(Saved data entries)
++++++++++
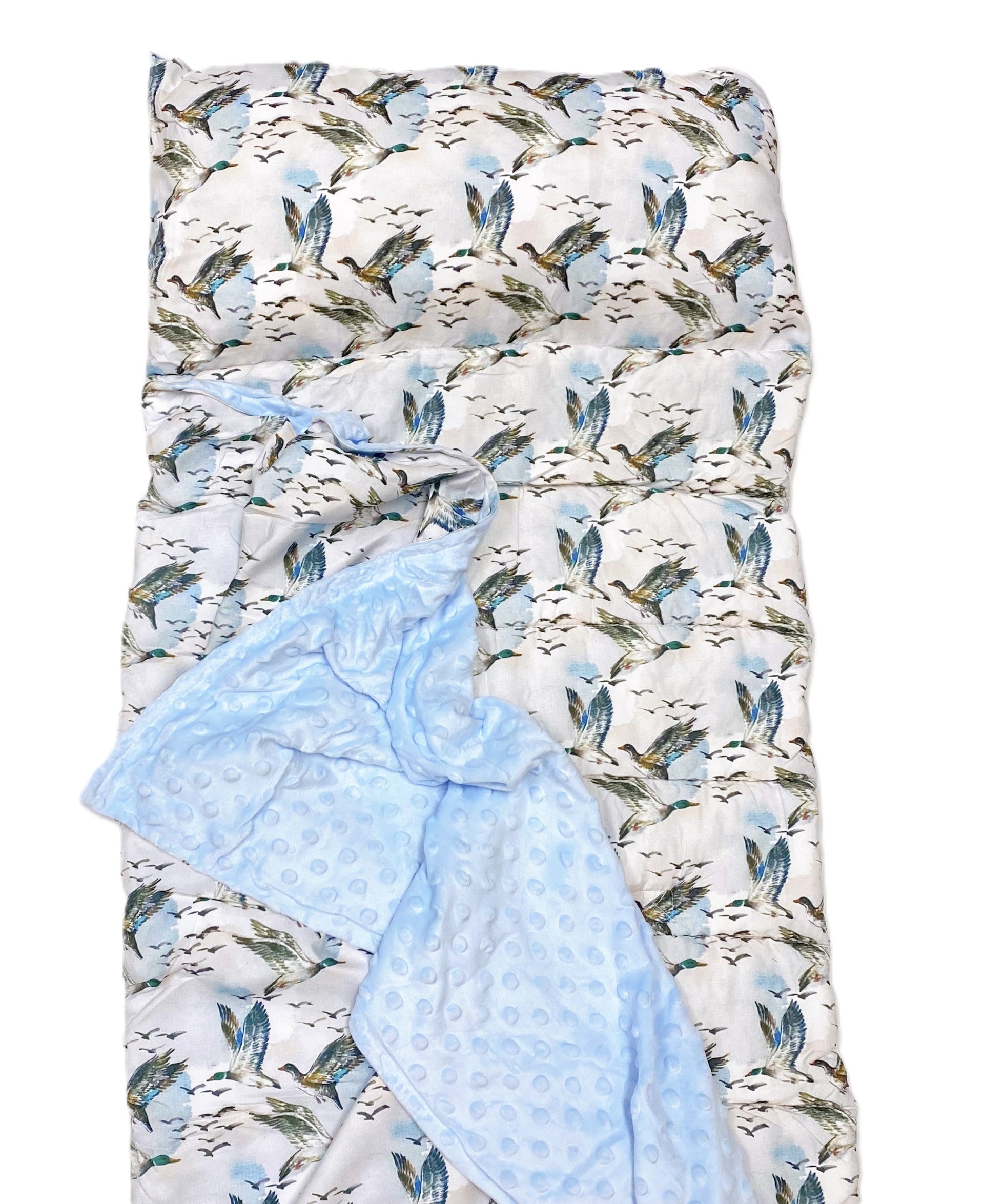 Expertly crafted of oh-so-soft materials, our nap mat is comfy and complete with a built-in pillow. The travel-ready design rolls up and secures for easy carrying, and its playful print adds dreamy color to naptime.
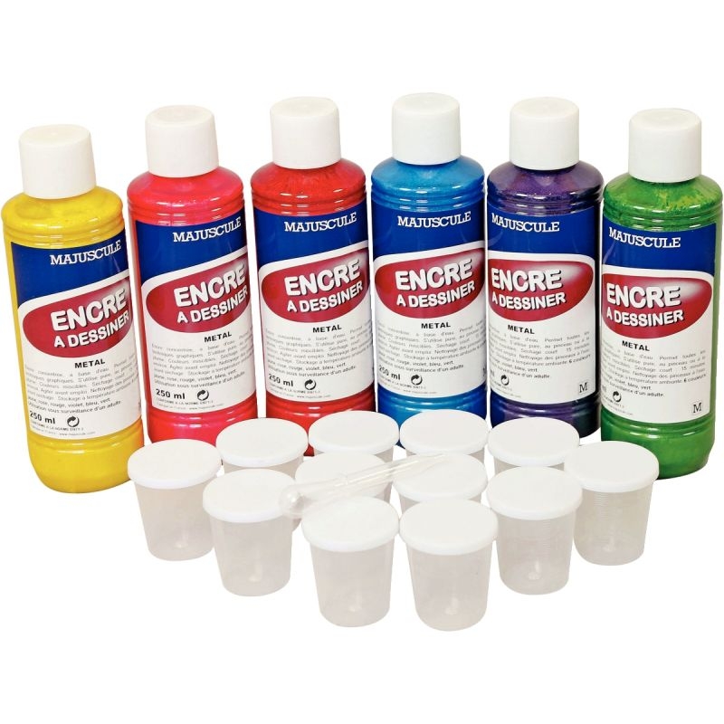 Lot de 6 flacons 250ml d’encre à dessiner métallique MAJUSCULE + 12 pots gradués 30ml offerts.
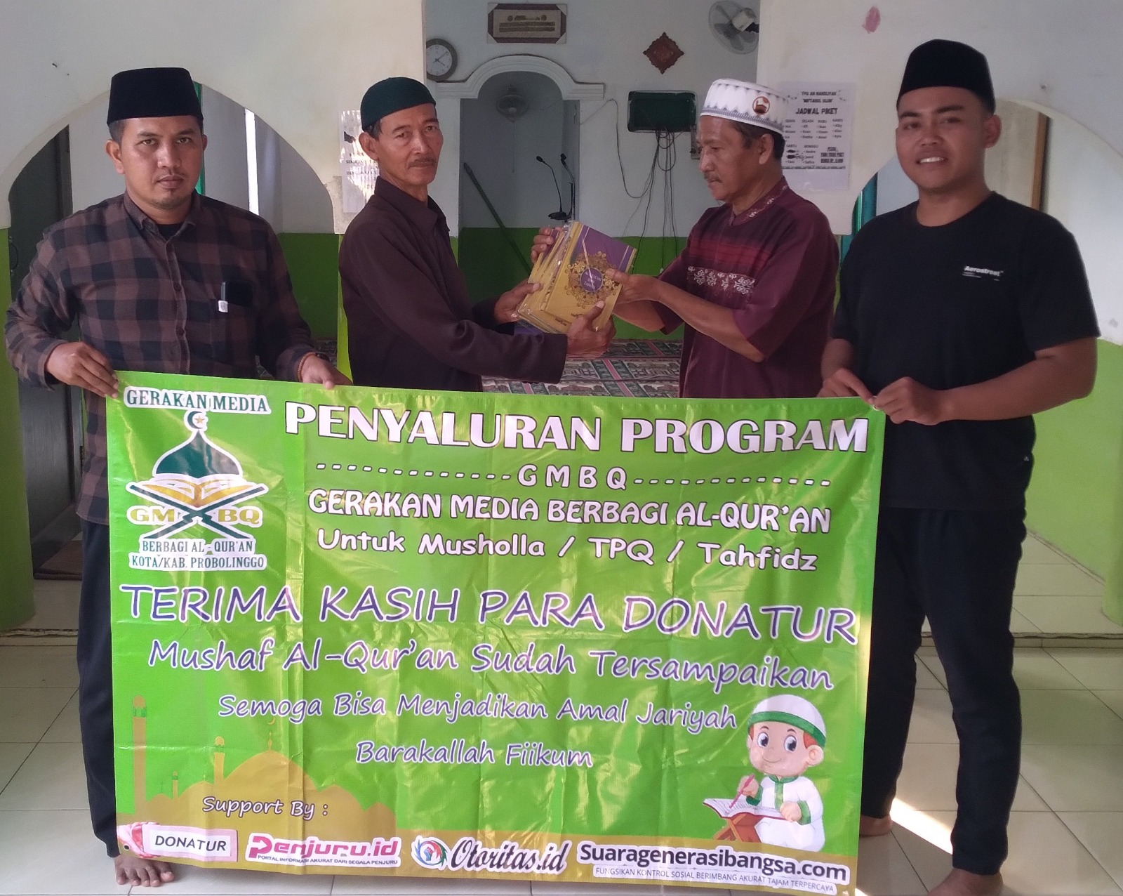 Sebagai Informasi, Komunitas GMBQ selain didukung oleh Donatur sebagai Pewakif, Komunitas tersebut juga didukung oleh Mitra Media Online yang berada di biro Probolinggo diantaranya Penjuru.id, Otoritas.id, PPNews.id, SGB-News.id, Reportaseindonesianews.com, Suaragenerasibangsa.com serta Garudaxpose.com. (Fahrul)
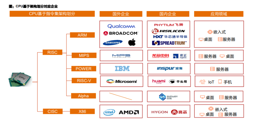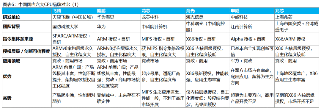 中国信创名录厂商:鲲鹏(未上市)、海光(已上市)、飞腾、龙芯、申威、兆芯(未上市)等代表中国最强的CPU芯片,对比海外Intel、AMD等。
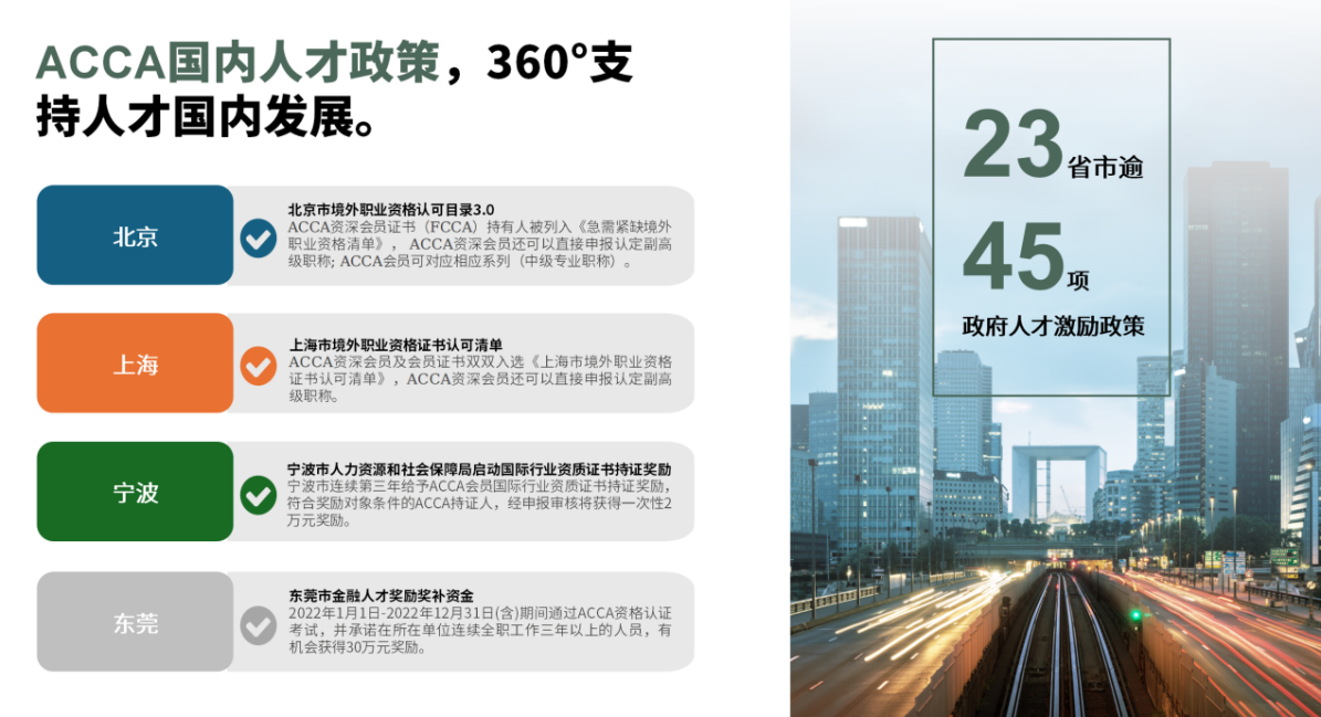 ACCA已被北京、广州、深圳、上海、珠海等 23个省、市列入高端财会金融紧缺人才引进计划,享受落户政策、现金奖励、股权奖励、购车购房减免税等等人才福利。
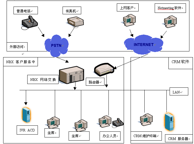 NBX呼叫中心作為與一個(gè)開放式的客戶交流平臺,為CRM系統(tǒng)和客戶之間架起了溝通的橋梁,NBX系統(tǒng)強(qiáng)大、靈活的通訊處理平臺為CRM系統(tǒng)的實(shí)施實(shí)現(xiàn)了軟著陸,使企業(yè)建立起廣泛、良好的客戶關(guān)系網(wǎng),從而逐步擴(kuò)大市場份額。
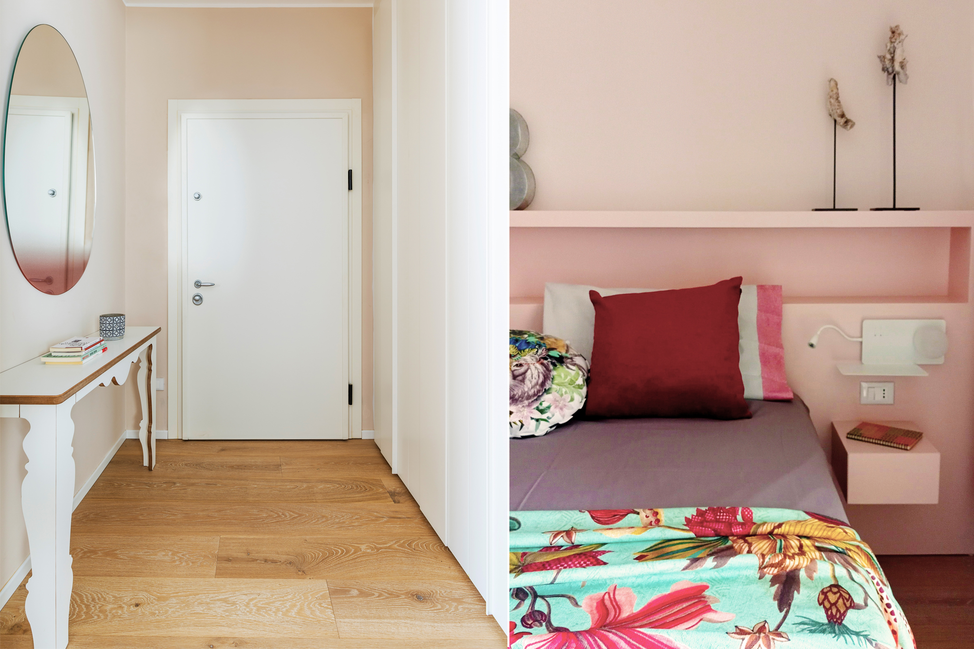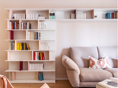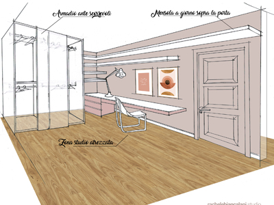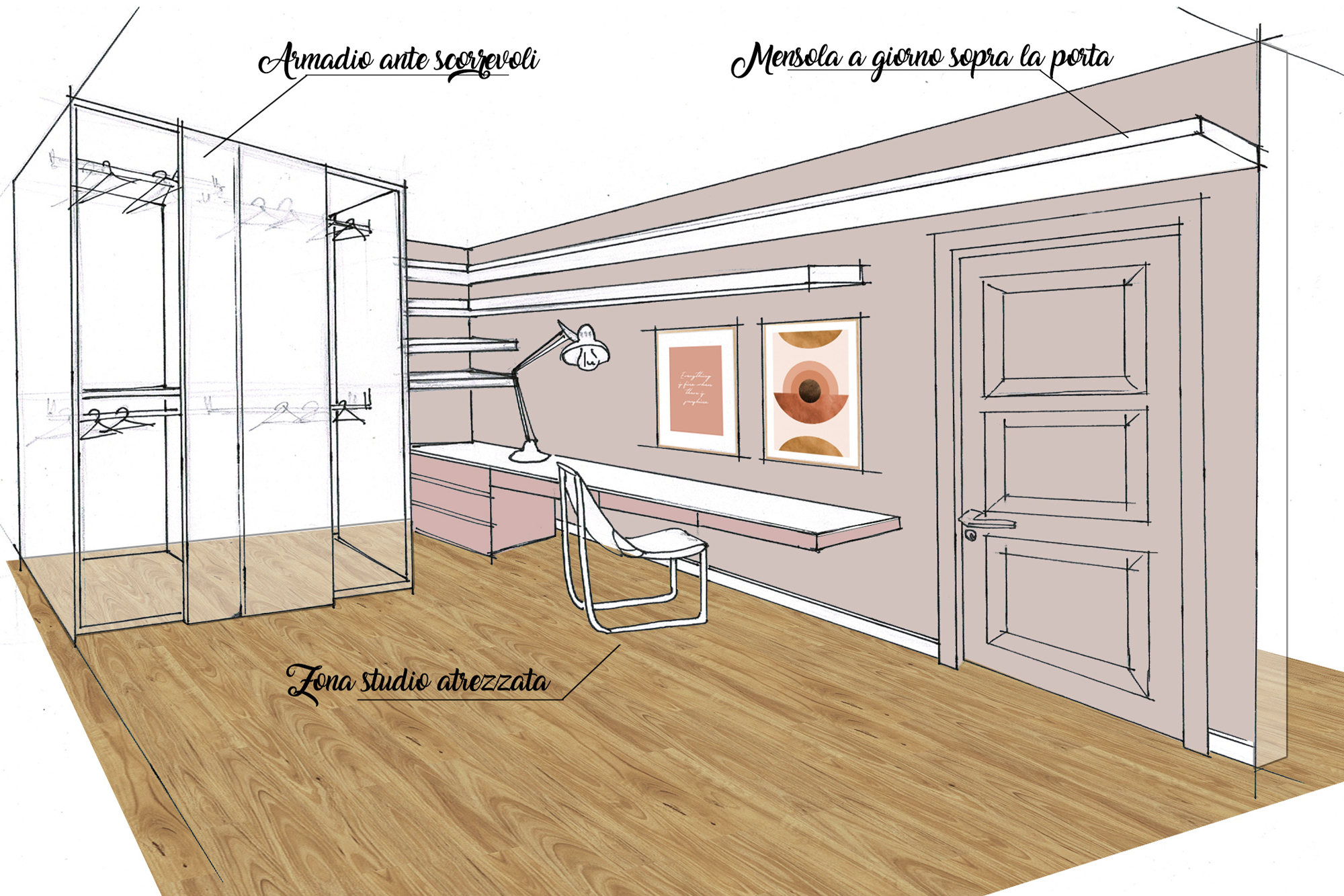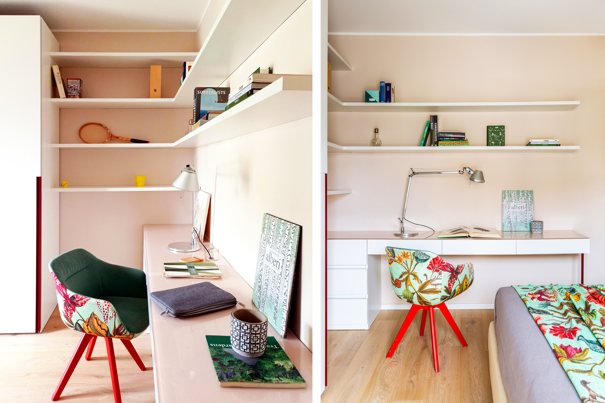L’abitazione ha molto spazio per i libri sia in camera che nel living, come espressamente richiesto dalla Committente. Nella camera da letto è stato progettato un grande angolo Home Office per eventuale Smart Working tramite mensole/librerie a giorno e una grande scrivania con cassetti completata da top in cristallo retroverniciato rosa cipria.
++++++++++
Can you quote exactly, and only, the lines from the one containing "Sebagai Informasi, Komunitas" through the last line of the records above, keeping both ends and leaving out any pictures?

- [Exercise solution]
 Sebagai Informasi, Komunitas GMBQ selain didukung oleh Donatur sebagai Pewakif, Komunitas tersebut juga didukung oleh Mitra Media Online yang berada di biro Probolinggo diantaranya Penjuru.id, Otoritas.id, PPNews.id, SGB-News.id, Reportaseindonesianews.com, Suaragenerasibangsa.com serta Garudaxpose.com. (Fahrul)
 中国信创名录厂商:鲲鹏(未上市)、海光(已上市)、飞腾、龙芯、申威、兆芯(未上市)等代表中国最强的CPU芯片,对比海外Intel、AMD等。
 ACCA已被北京、广州、深圳、上海、珠海等 23个省、市列入高端财会金融紧缺人才引进计划,享受落户政策、现金奖励、股权奖励、购车购房减免税等等人才福利。
 NBX呼叫中心作為與一個(gè)開放式的客戶交流平臺,為CRM系統(tǒng)和客戶之間架起了溝通的橋梁,NBX系統(tǒng)強(qiáng)大、靈活的通訊處理平臺為CRM系統(tǒng)的實(shí)施實(shí)現(xiàn)了軟著陸,使企業(yè)建立起廣泛、良好的客戶關(guān)系網(wǎng),從而逐步擴(kuò)大市場份額。
L’abitazione ha molto spazio per i libri sia in camera che nel living, come espressamente richiesto dalla Committente. Nella camera da letto è stato progettato un grande angolo Home Office per eventuale Smart Working tramite mensole/librerie a giorno e una grande scrivania con cassetti completata da top in cristallo retroverniciato rosa cipria.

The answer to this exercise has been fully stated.